Tagged as: Marriage problems, Sex<< Previous question   Next question >>
Question - (9 May 2015) 6 Answers - (Newest, 17 May 2015)
A male Brazil age 41-50, anonymous writes:

I have been married for 07 (seven) years. I love my wife but sex has gotten boring. Don't get me wrong, if SHE would want to do it like we used to it would not be boring for me.

I always try to 'get it going' the "old way" but she just makes me not want to do anything...

Here is a list of the stuff she says.

1. Ow, my arm/hair/head/leg/elbow/nose/etc

2. You're taking too long

3. Come on, can you cum already? (which makes me go limp)

Also, she ALWAYS cums and she will proudly say that. In about 5 minutes I can manage to make her cum, since after being together so long, I know the spot, so it is easy...Not trying to be "Mr. Macho", just saying, I know HER spot...

But when it is time for me to finish after she does her orgasm dance (which I like, when her whole body shakes and she doesn't want me to touch her for 2 minutes)

She just gets 'bored'....Then tells me to hurry, and that just makes me not want anything.

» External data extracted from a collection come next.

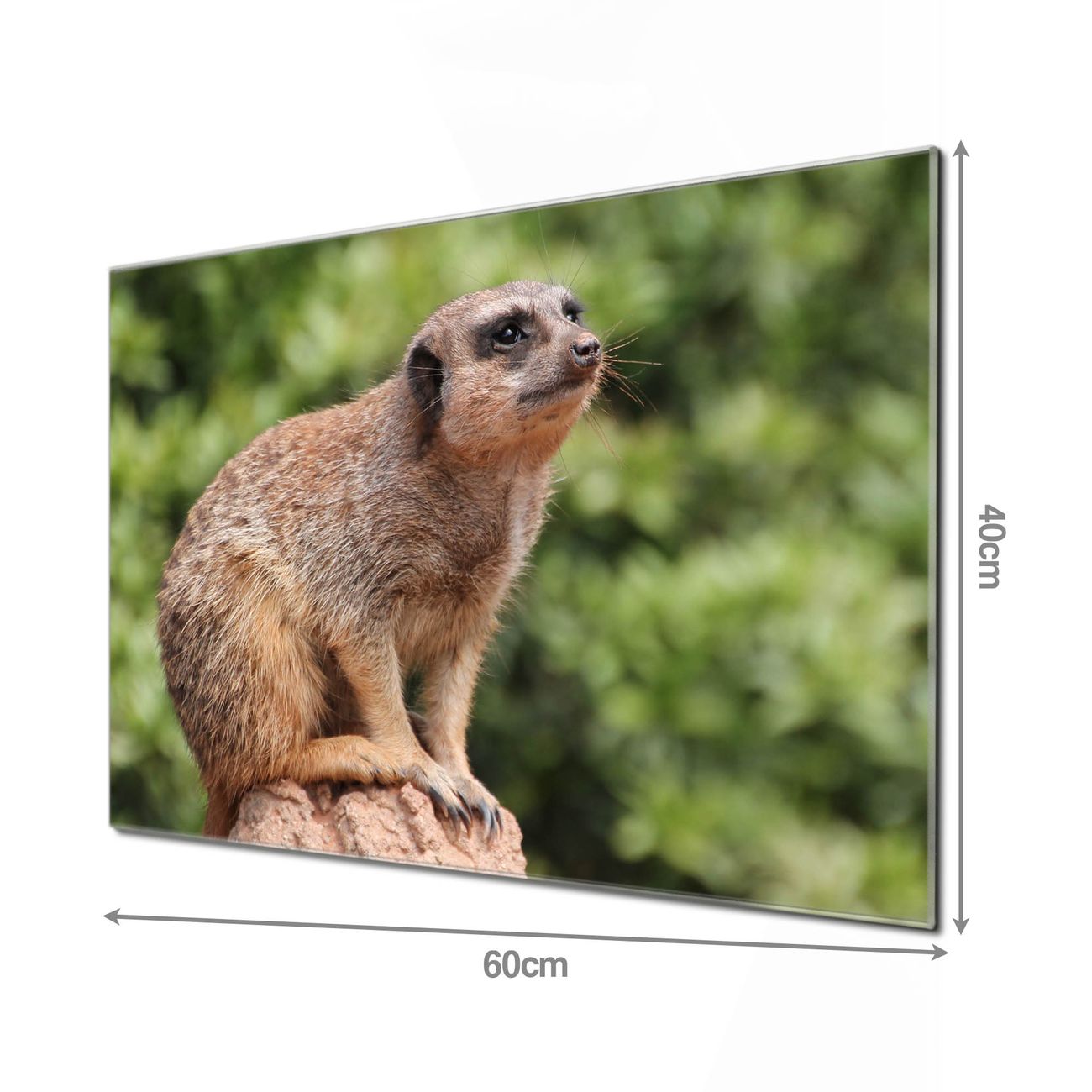 Unsere einzigartigen Glasbilder im Querformat von banjado mit Motiv Sitzendes Erdmännchen sind der absolute Hingucker! Unsere Banjado Glasbilder sind sehr begehrt, weil sie top verarbeitet sind und sich ganz leicht montieren lassen. Schon mit wenigen Handgriffen hängen sie an der Wand und strahlen mit höchster brillianz. Durch die Ramenlose Herstellung schwebt das Echtglasbild förmlich an der Wand. Das Motiv erscheint besonders ausdrucksstark und hochwertig und ist hinter dem Echtglas geschützt.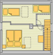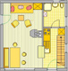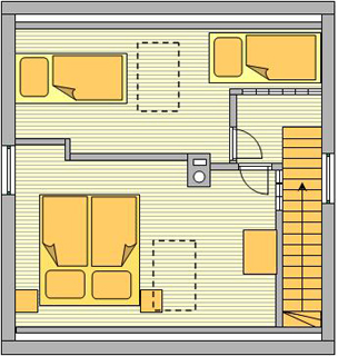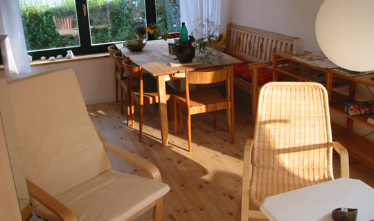 Das Ferienhaus bietet in zwei getrenneten Schlafräumen und einem gemeinsamen Wohn- / Essraum großzügig Platz für 4 Personen. Die Böden der Wohn- und Schlafräume sind mit Dielen ausgestattet.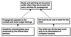 Beardsley said that the conclusion in this example is statement ②. Statement ④ needs to be rewritten as a declarative sentence, e.g. "Academic monstrosities [were] produced by the official Nazi painters." Statement ① points out that the conclusion isn't accepted by everyone, but statement ① is omitted from the diagram because it doesn't support the conclusion. Beardsley said that the logical relation between statement ③ and statement ④ is unclear, but he proposed to diagram statement ④ as supporting statement ③.
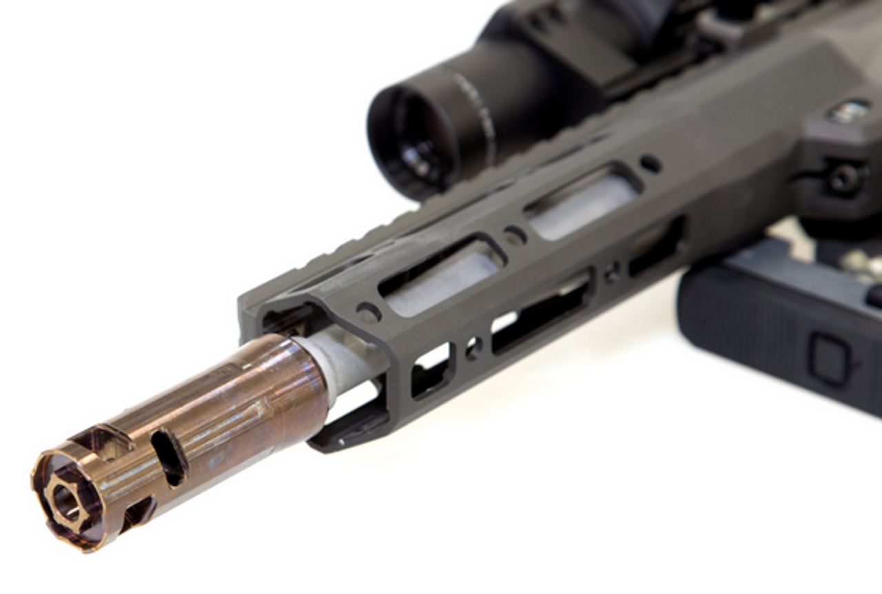 The Bottle Rocket™ by Q® is an enhanced brake for use with our Cherry Bomb™ muzzle brake. On top of that, it also serves as a sexy-ass thread protector for your Cherry Bomb™ when not hosting a silencer.

It really is boring. Also when she does oral on me now, she kind of lays down on her side and wants me to lay down, but up higher, and she lays there like it is a sleeping position, but to give oral...I don't even know how to explain how lazy and boring it is...

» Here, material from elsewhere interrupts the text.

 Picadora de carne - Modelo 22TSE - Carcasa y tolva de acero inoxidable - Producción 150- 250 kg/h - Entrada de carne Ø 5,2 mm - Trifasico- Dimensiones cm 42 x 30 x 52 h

If she would let us, I would go back to the fun sex. It isn't me, I work out, I stay in shape, I do everything I can...She even is the one that wants sex sometimes and says "Can you be fast though?"...Uhhhggg, THAT ALONE makes me 'out of the mood'.

I am not really asking a question I guess, but trying to see if other people go through this. It is horrible, and leaves me to looking at porn, which makes her mad...

I'm between a rock and a hard place, literally...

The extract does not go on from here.